Return nothing but the lines from the line with "Memorial plaque, Karl" through the last line of the entries that follow, copied exactly and free of pictures.

>>>>

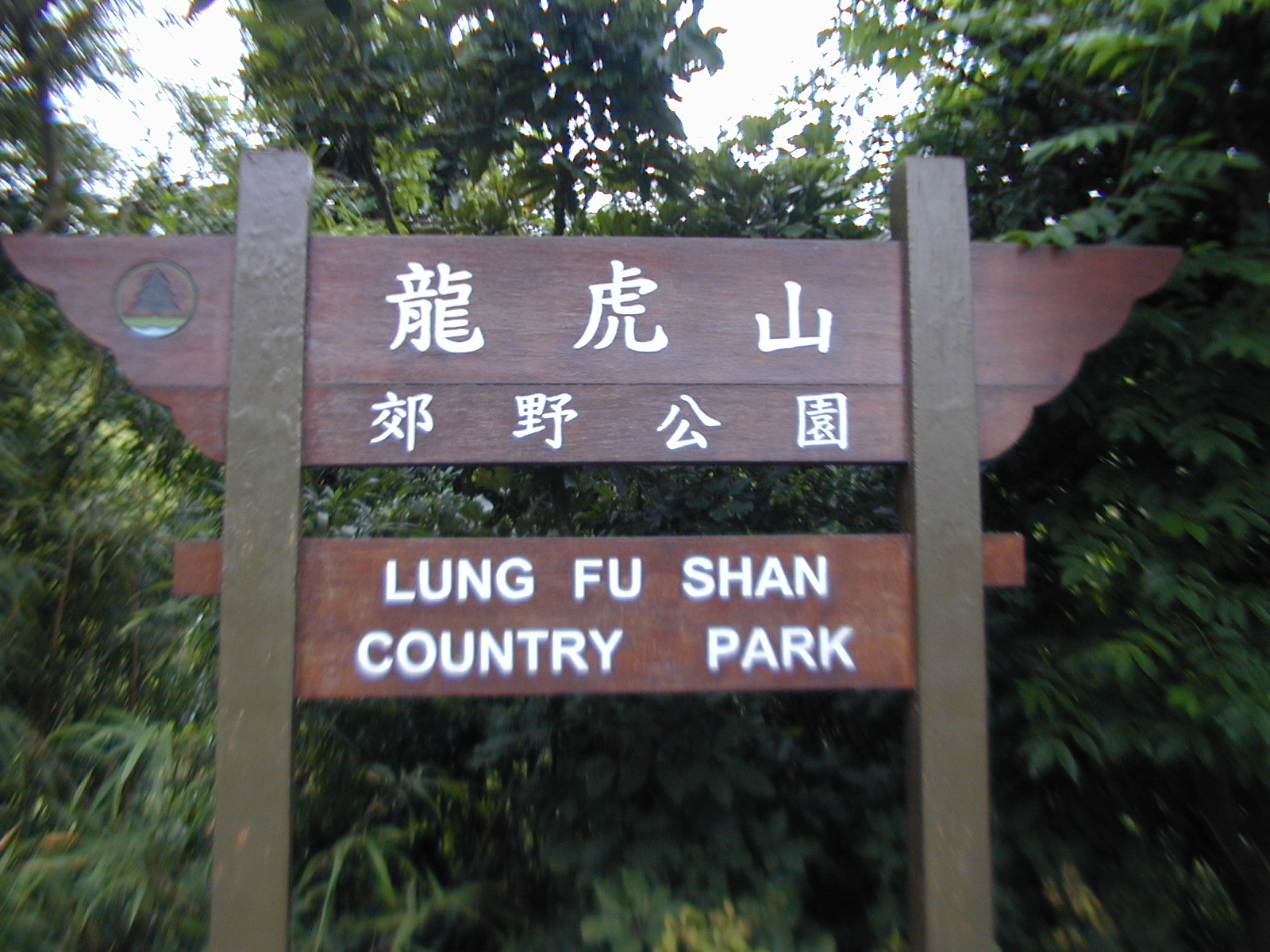 Photo of Lung Fu Shan Country Park
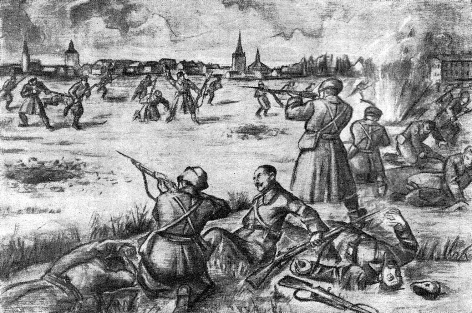 Battle of Joala on 28 November 1918.
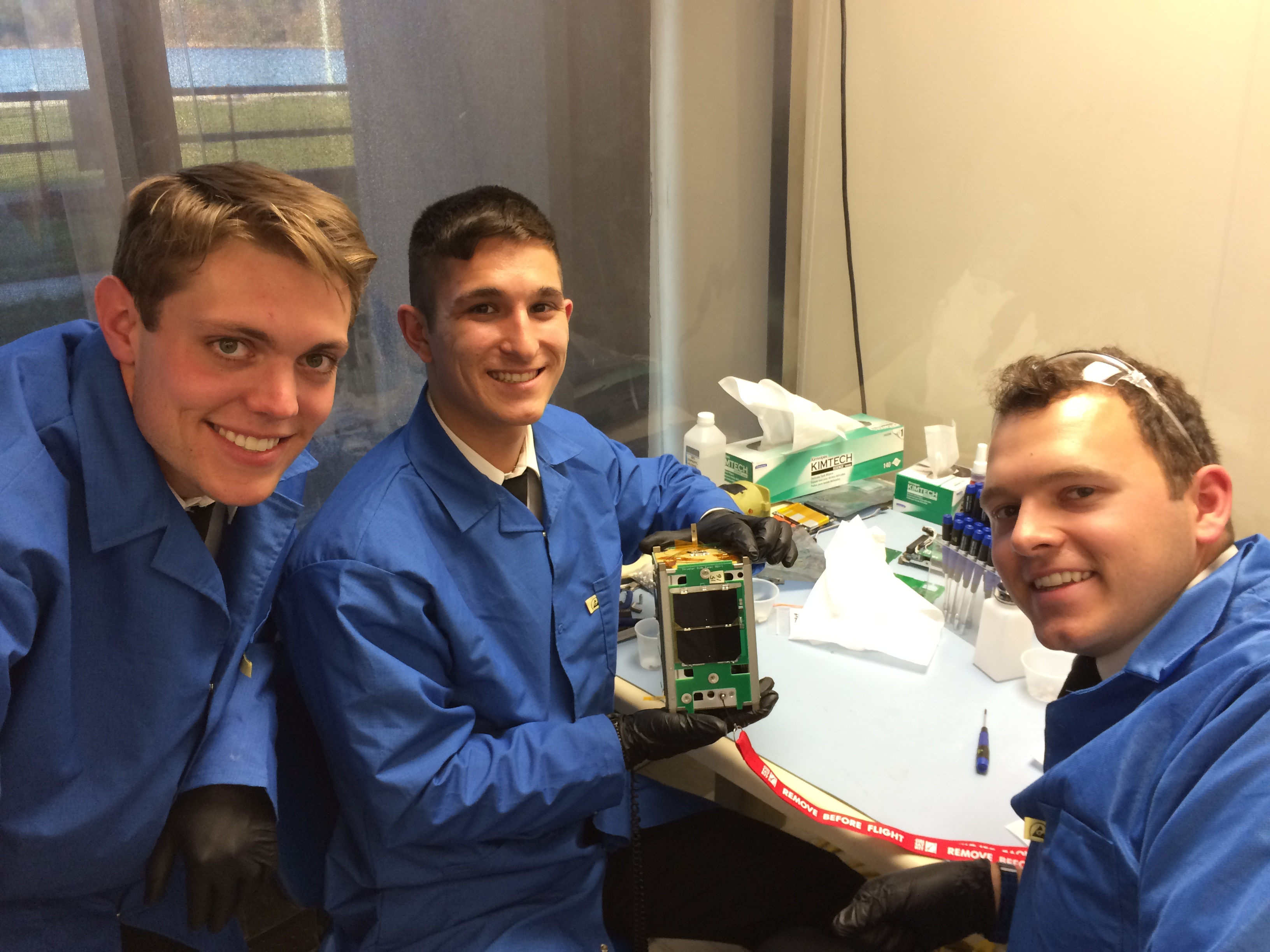 BRICSat-2 assembly with three midshipmen
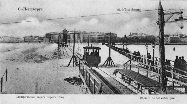 Senatsky line.
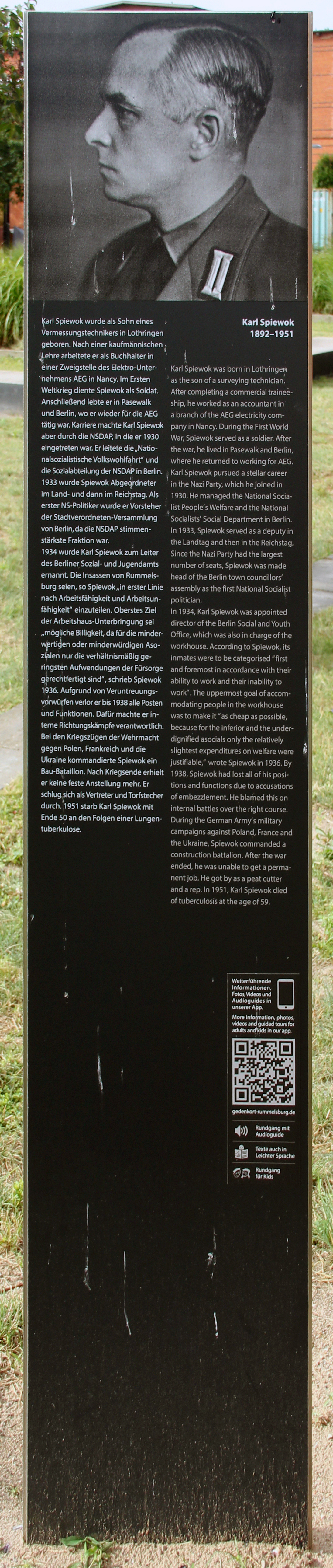 Memorial plaque, Karl Spiewok, Hauptstraße 8, Berlin-Rummelsburg, Deutschland
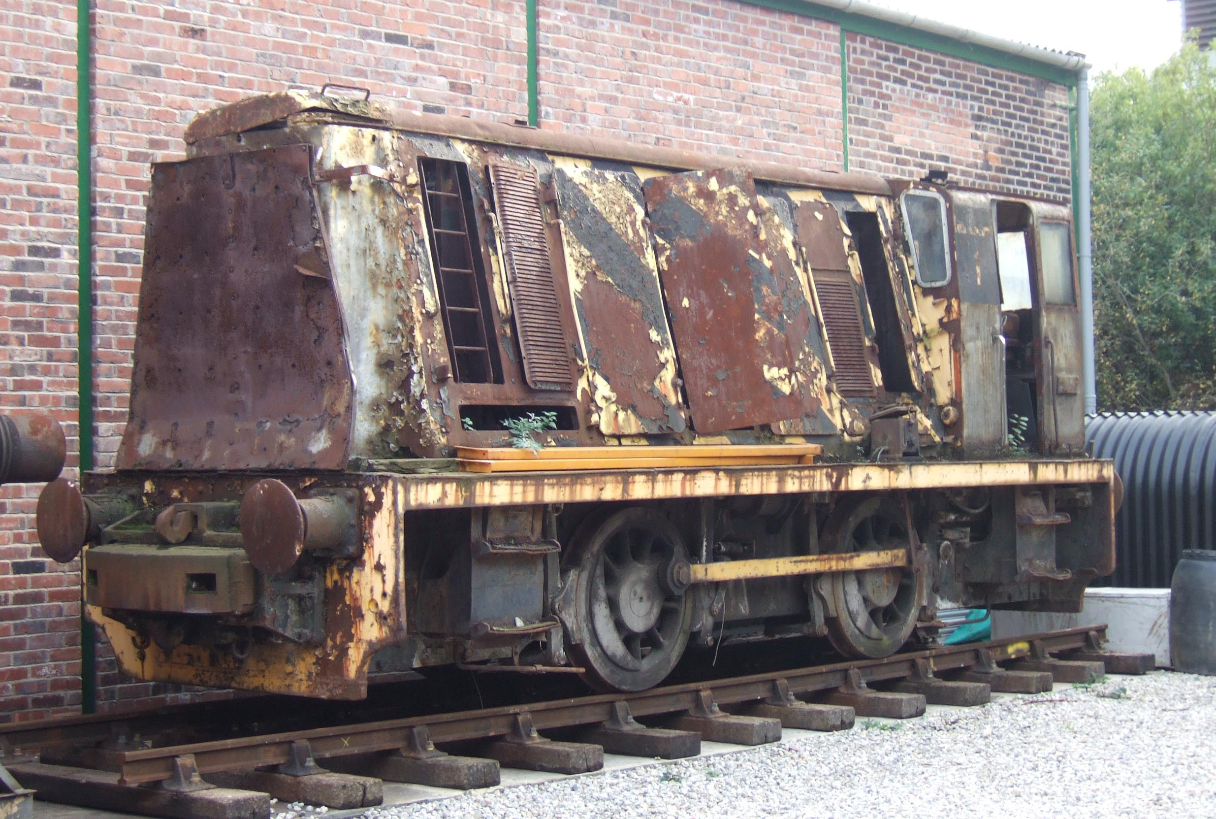 Yorkshire Engine Co. 0-4-0DE 2481 of 1951 at Kelham Island Museum, Sheffield. 16th October 2005 Photographer - A.M.Hurrell Camera - Fuji FinePix F10 Modified - Trimmed and file size reduced using Adobe Photoshop 5.0LE
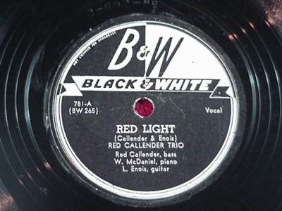 Red Callender Trio
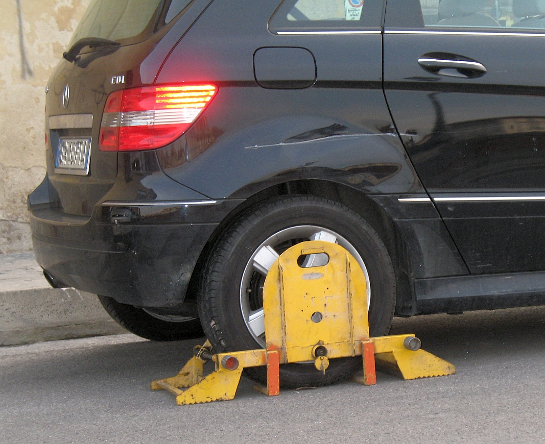 Wheel clamp on a car at Lungarno Soderini in Florence

<<<<

**FINAL ANSWER**
 Memorial plaque, Karl Spiewok, Hauptstraße 8, Berlin-Rummelsburg, Deutschland
 Yorkshire Engine Co. 0-4-0DE 2481 of 1951 at Kelham Island Museum, Sheffield. 16th October 2005 Photographer - A.M.Hurrell Camera - Fuji FinePix F10 Modified - Trimmed and file size reduced using Adobe Photoshop 5.0LE
 Red Callender Trio
 Wheel clamp on a car at Lungarno Soderini in Florence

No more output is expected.